All the anxieties about the city in general then became attached to the East End in particular, as if in some peculiar sense it had become a microcosm of London’s own dark life. There were books written, the titles of which represented their themes-The Bitter Cry of Outcast London, The People of the Abyss, Ragged London, In Darkest London, The Nether World
. In that last novel George Gissing provides a description of “the pest-stricken regions of East London, sweltering in sunshine which served only to reveal the intimacies of abomination; across miles of a city of the damned, such as thought never conceived before this age of ours; above streets, swarming with a nameless populace, cruelly exposed by the unwonted light of heaven.” This is a vision of the East End as the Inferno, the city as hell, and it is not one confined to the novelist.

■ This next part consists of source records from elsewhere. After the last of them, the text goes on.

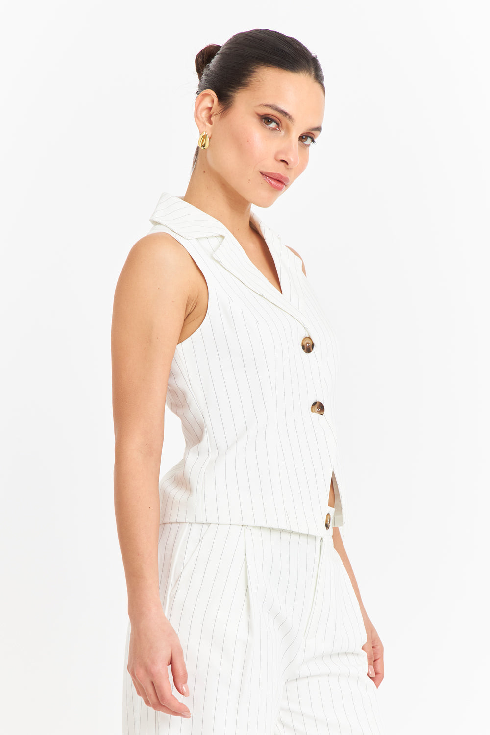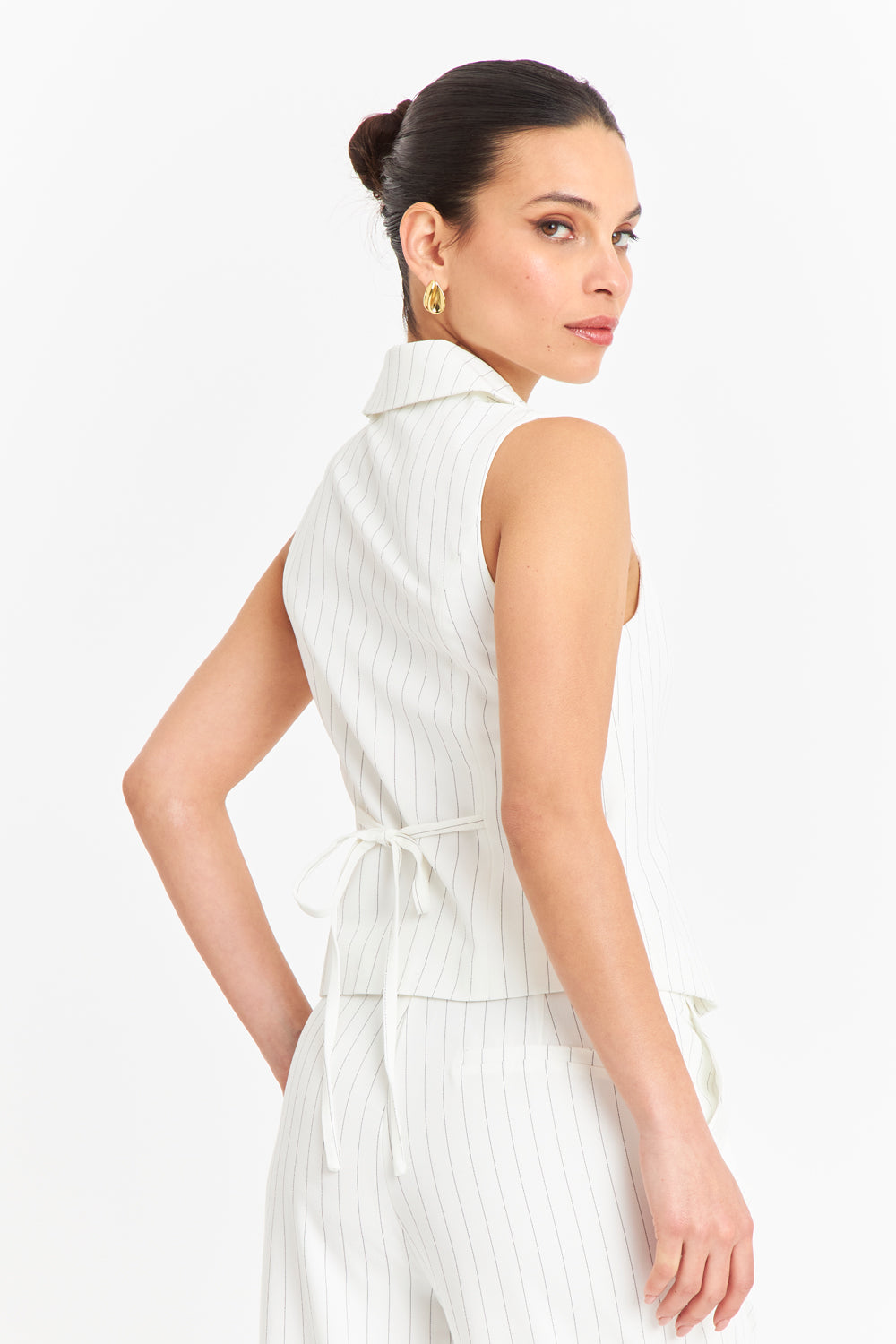 Características: Gilet con diseño de rayas diplomáticas y botones frontales de ajuste. Escote en V.
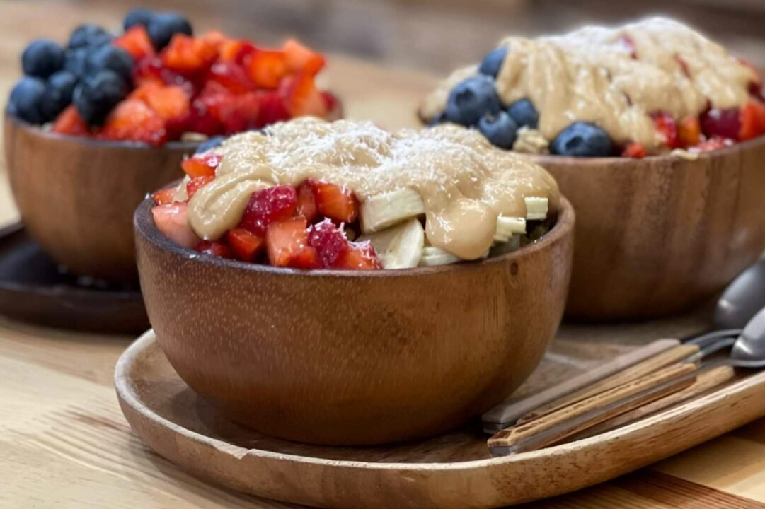 En AMAZONIA ACAI, este fruto se presenta en un bowl junto a otras frutas como la fresa, el plátano, el kiwi, la piña, el mango y el coco. Estos platillos se convierten en una excelente opción para el desayuno o incluso un brunch saludable. Además, agregan otros alimentos como granola, frutos secos, semillas de lino, frutos del bosque y yogurt griego, entre otros, para obtener un plato equilibrado y muy nutritivo. Los comensales pueden escoger en el menú alguna de sus combinaciones o crear un bowl con sus topping favoritos, a gusto.
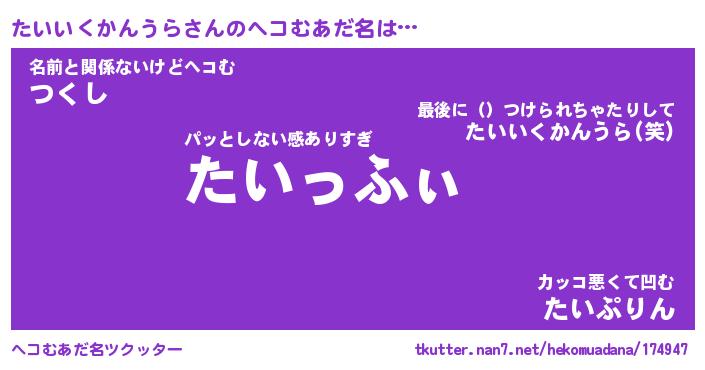 | ヒーロー風カッコイイあだ名 | 『スーパータイイクカンウラ』 |
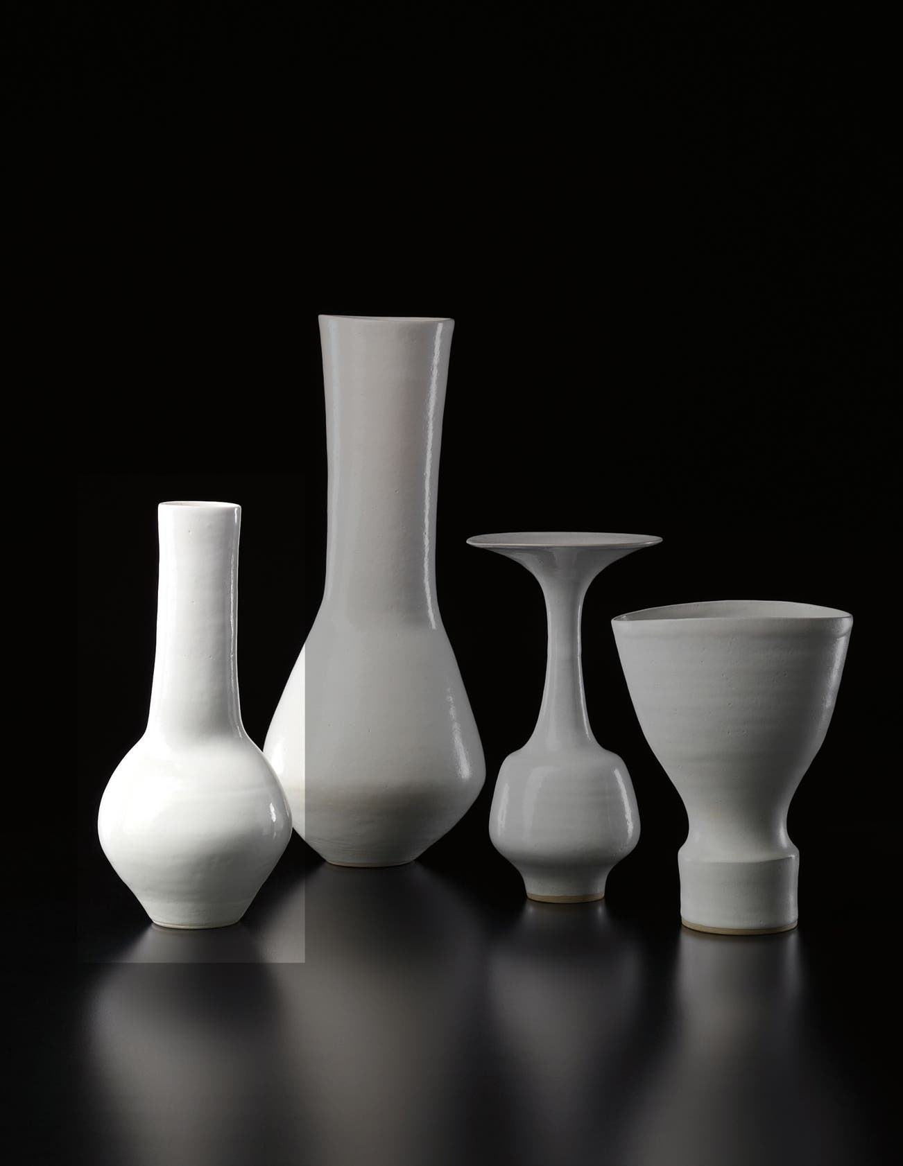 Austrian | B. 1902 D. 1995Dame Lucie Rie studied under Michael Powolny at the Kunstgewerbeschule in Vienna before immigrating to London in 1938. In London she started out making buttons for the fashion industry before producing austere, sparsely decorated tableware that caught the attention of modernist interior decorators. Eventually she hit her stride with the pitch-perfect footed bowls and flared vases for which she is best-known today. She worked in porcelain and stoneware, applying glaze directly to the unfired body and firing only once. She limited decoration to incised lines, subtle spirals and golden manganese lips, allowing the beauty of her thin-walled vessels to shine through. In contrast with the rustic pots of English ceramicist Bernard Leach, who is considered an heir to the Arts and Crafts movement, collectors and scholars revere Rie for creating pottery that was in dialogue with the design and architecture of European Modernism.

The autobiographical narrative of “John Martin, School Master and Poet” was partly set in the purlieus of nineteenth-century Limehouse. “A mind is needed-black, misanthropic in its view of things, used to fearful visions of the night, to look with comprehensive and unflinching eye upon these scenes of sickly horror and despair.”When Jack London first wished to visit the East End in 1902 he had been told by the manager of Thomas Cook’s Cheapside branch that “We are not accustomed to taking travellers to the East End; we receive no call to take them there, and we know nothing whatsoever about the place at all.” They knew nothing about it, perhaps, and yet everyone knew of it. In Tales of Mean Streets
(1894) Arthur Morrison declared that “There is no need to say in the East End of what. The East End is a vast city, as famous in its way as any the hand of man has made. But who knows the East End?”